The medical assessment undertaken for PTS certification does not address the medical specificity for tasks that an individual may be expected to undertake in their normal duties when actually working on the track. i.e. operating machinery or responsibility for other staff requires a higher level of assessment for the job specification and procedures.

The medical assessment for these certificates must be undertaken by an accredited medical provider.
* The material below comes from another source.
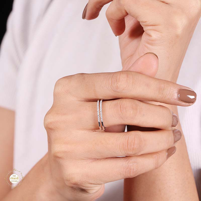 Sterling Silver Sparkling  layer up stack Ring

In the case of PTS this is authorised by RISQS under the authority of Network Rail.

Providers of this service are registered appropriately and regular audit is undertaken to ensure that they meet the quality control levels for the specific standards of performance and training needed to reliably undertake the medical assessments.

Since 2006 the standards for a PTS have been regulated by the Office of Rail and Road

==Basic medical assessment==
Basic medical assessment for national rail PTS involves the following medical modalities and components.

1. A medical questionnaire. This is a general medical questionnaire to focus on any aspects of an individual’s medical history that may have any specific bearing on their ability to operate safely in the track environment. In particular questions that relate to the possibility of medication or medical conditions that may be responsible for sudden impairment, a lack of concentration or awareness or compromised mobility.
2. Audiometry (hearing test). This must be undertaken using equipment that conforms to the appropriate standards and guidelines specified with regular recorded calibration and maintenance. The subject should meet specific standards.
3. Vision testing. This is undertaken under controlled conditions to meet specified visual standards.
4. A clinical examination includes the following:
a) Blood pressure estimation
b) Physical examination, where appropriate,
c) Urine testing, screening for some specific medical disorders.

Where an individual fails to meet the specific medical standards it is, sometimes possible with the written agreement and co-operation of management and occupational health to implement a system of formal "safe working practices". This is so as not to discriminate unnecessarily against individuals with certain medical problems.

The object of the medical assessment is to ensure that employers meet their duty of care so that individuals working in this potentially dangerous environment are not subject to increased risk of harm to themselves or their colleagues, or in some cases members of the public, due to any foreseeable underlying medical condition..

The work environment is in continual flux, and changes in acceptable risk are therefore variable. For this reason a provider of these services must be up to date with the policies and procedures within the industry and flexible to meet the changing demands required with transparency.

==Preserved railways==
Preserved railways often have their own volunteer PTS courses. Network Rail will not accept these PTS cards, and often vice versa.